• [INFORMATION PROVIDED]:

※

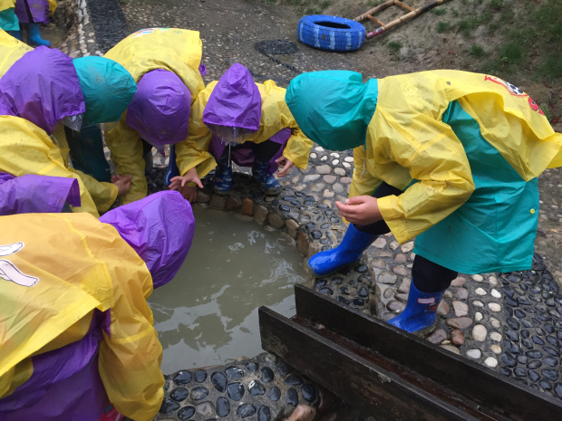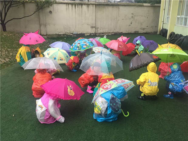 近阶段,小雨不断,几乎所有的活动,都只能在室内开展。孩子们常常抱怨下雨的日子太没劲儿,不能出去玩,不能在幼儿园里奔跑、玩耍......而望着外面透明的雨,孩子们又有一种冲动,好想出去用小手接接雨滴、在小雨中奔跑、踩踩地上积水,去林中打雨仗.......为了满足孩子们的好奇心,丰富他们的生活经验,感受雨中游戏带来的乐趣,我们开展了一些雨中游戏!
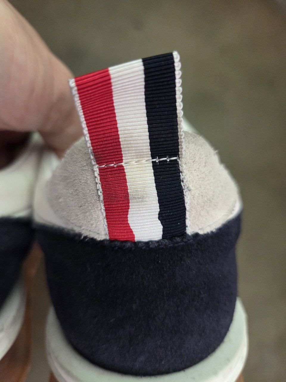이번 의뢰는 화이트와 네이비가 조합된 톰브라운 스니커즈로, 스웨이드가 포인트인 모델이었습니다. 화이트 부분에는 사용감으로 인한 얼룩이, 스웨이드에는 먼지와 묵은 때가 스며든 상태였죠.
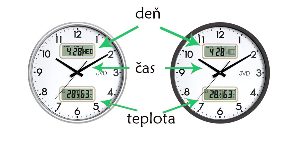 Hodiny na stenu Digitálne JVD ten správni čas na ich kúpu .Nestačí Vám, keď nástenné hodiny ukazujú len čas, ale máte vyššie nároky? Chceli by ste mať neustály prehľad aj o teplote prostredia vnútri/či vonku, o dni v týždni a v mesiaci a to všetko v jednom zariadení priamo pred nosom? Nástenné hodiny JVD splnia Vaše očakávania vďaka multifunkčnosti, ktorá je im vlastná! Buďte plne informovaný o všetkom čo potrebujete a zakúpte si digitálne hodiny na stenu značky JVD. Garantujeme Vám dlhodobú spokojnosť!
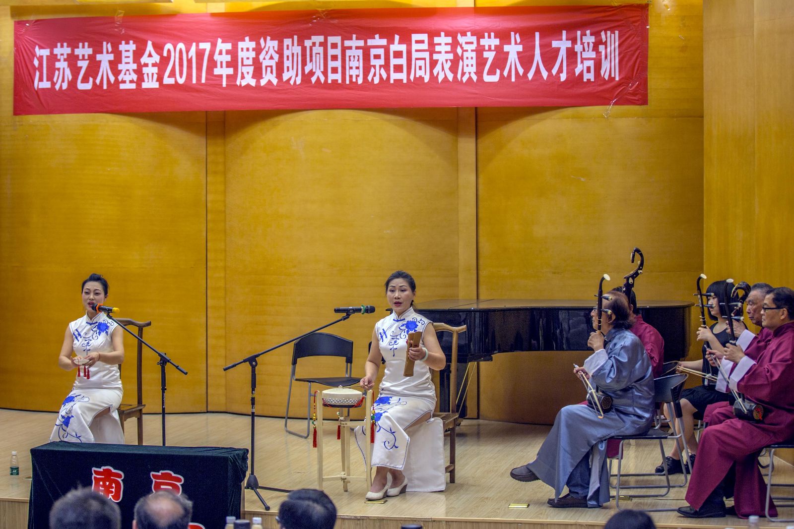 经过为期半年多的集中培训和分组辅导,南京白局表演艺术人才培训已完成所有培训任务,进入结项验收阶段,本次汇报音乐会是该项目结项的内容之一。为认真负责、高质量地做好此次培训项目,项目负责人板俊荣教授全程参与了培训工作,在理论讲授的同时,严格把控了集中培训阶段的课程进程和培训内容。项目邀请了马敬华、周慧琴、黄玲玲、高小玲四位省级传承人作为培训教师,她们四位曾在上世纪60-90年代将白局的舞台表演及歌唱艺术推向了高峰。接受培训的学员来自南京白局市级、区级传承人和白局爱好者,以及我校小妲己直播 音乐学方向的研究生,江苏省第二师范学院和南京晓庄学院的音乐学专业本科生,总计26名。培训期间学习了南京白局所有经典唱段和表演技艺,在高小玲老师的努力下,恢复了几近绝响的经典剧目《上寿全词》各唱段。

※

• [TASK DETAILS]:
When you reproduce the data shown above, keep each line exact and omit every picture.

• [FINISHED EXERCISE]:
 近阶段,小雨不断,几乎所有的活动,都只能在室内开展。孩子们常常抱怨下雨的日子太没劲儿,不能出去玩,不能在幼儿园里奔跑、玩耍......而望着外面透明的雨,孩子们又有一种冲动,好想出去用小手接接雨滴、在小雨中奔跑、踩踩地上积水,去林中打雨仗.......为了满足孩子们的好奇心,丰富他们的生活经验,感受雨中游戏带来的乐趣,我们开展了一些雨中游戏!
이번 의뢰는 화이트와 네이비가 조합된 톰브라운 스니커즈로, 스웨이드가 포인트인 모델이었습니다. 화이트 부분에는 사용감으로 인한 얼룩이, 스웨이드에는 먼지와 묵은 때가 스며든 상태였죠.
 Hodiny na stenu Digitálne JVD ten správni čas na ich kúpu .Nestačí Vám, keď nástenné hodiny ukazujú len čas, ale máte vyššie nároky? Chceli by ste mať neustály prehľad aj o teplote prostredia vnútri/či vonku, o dni v týždni a v mesiaci a to všetko v jednom zariadení priamo pred nosom? Nástenné hodiny JVD splnia Vaše očakávania vďaka multifunkčnosti, ktorá je im vlastná! Buďte plne informovaný o všetkom čo potrebujete a zakúpte si digitálne hodiny na stenu značky JVD. Garantujeme Vám dlhodobú spokojnosť!
 经过为期半年多的集中培训和分组辅导,南京白局表演艺术人才培训已完成所有培训任务,进入结项验收阶段,本次汇报音乐会是该项目结项的内容之一。为认真负责、高质量地做好此次培训项目,项目负责人板俊荣教授全程参与了培训工作,在理论讲授的同时,严格把控了集中培训阶段的课程进程和培训内容。项目邀请了马敬华、周慧琴、黄玲玲、高小玲四位省级传承人作为培训教师,她们四位曾在上世纪60-90年代将白局的舞台表演及歌唱艺术推向了高峰。接受培训的学员来自南京白局市级、区级传承人和白局爱好者,以及我校小妲己直播 音乐学方向的研究生,江苏省第二师范学院和南京晓庄学院的音乐学专业本科生,总计26名。培训期间学习了南京白局所有经典唱段和表演技艺,在高小玲老师的努力下,恢复了几近绝响的经典剧目《上寿全词》各唱段。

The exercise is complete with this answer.